# Kangertech MOW (EMOW) tank.



## Smokey_Robinson (10/11/14)

Hi people.

Could anybody tell me their experience with this tank, as info is rather sketchy on the net and forum about the standard Kangertech MOW or EMOW clearomizer/tank with 1.8ml capacity. Getting replacement coils be a issue? Also want to hear about the EVOD one tank, seems this old boy still wins lots of praise, but I see some say evod and others "generic evod".....safer to ask for the real thing?
Made a move from starter kit to a Innokin kit ( iTaste click1280 with Gladius tank) and has been a tranformation. Placed my order friday for a MVP 2.0 kit and will hopefully have it by Wednesday/Thurday....cant wait


----------



## BumbleBee (10/11/14)

The EVOD is awesome, I still use one on occasion if I need something light and discreet. Insist on the Authentic Kangertech EVOD, the "generics" put me off completely, they crack and leak and generally just suck, and they're really not much cheaper than the real thing.

Reactions: Like 1


----------



## Smokey_Robinson (10/11/14)

Thanks @BumbleBee for info on the EVOD one. Any knowledge of the MOW tank?


----------



## Wesley (10/11/14)

Always go for the genuine!

There is a saying...

Buy cheap, buy twice...

Reactions: Like 2


----------



## BumbleBee (10/11/14)

Smokey_Robinson said:


> Thanks @BumbleBee for info on the EVOD one.
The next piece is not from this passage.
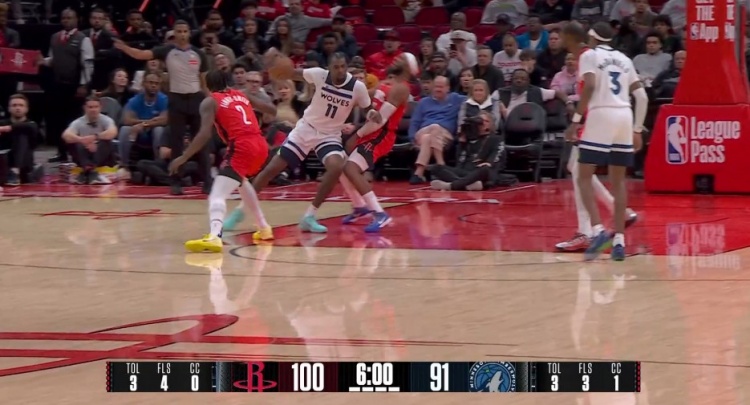 赚到!奥科吉被里德顶翻吹防守犯规 火箭挑战成功改进攻犯规

Any knowledge of the MOW tank?


I can't really comment on the EMOW, haven't properly used one enough. The wife has one, given it a few toots and it works pretty well but she is a menthol only vaper so I kinda avoid it. The airflow is great and it makes a proper amount of vapour but I will still lean towards the Nautilus Mini.

Reactions: Like 1


----------



## Andre (10/11/14)

Forum dynamics: If nobody says anything, it probably is very average with maybe some problems - e.g. the previous generation aspire coils. If it really is very bad, expect some criticisms. If it is very good, expect many comments. Also apply to juices - one has to read between the lines sometimes.
From my experience and from what I have read on these forums: The authentic EVODS and the mPT3 (mini protank 3) are real good workhorses with nary a problem. The mAN (mini aspire nautilus) with BVC coils gives the best vape by far, but do expect a dud coil here and there. Not many comments that I can remember about the EMOW.

Reactions: Informative 1


----------



## Smokey_Robinson (10/11/14)

BumbleBee said:


> I can't really comment on the EMOW, haven't properly used one enough. The wife has one, given it a few toots and it works pretty well but she is a menthol only vaper so I kinda avoid it. The airflow is great and it makes a proper amount of vapour but I will still lean towards the Nautilus Mini.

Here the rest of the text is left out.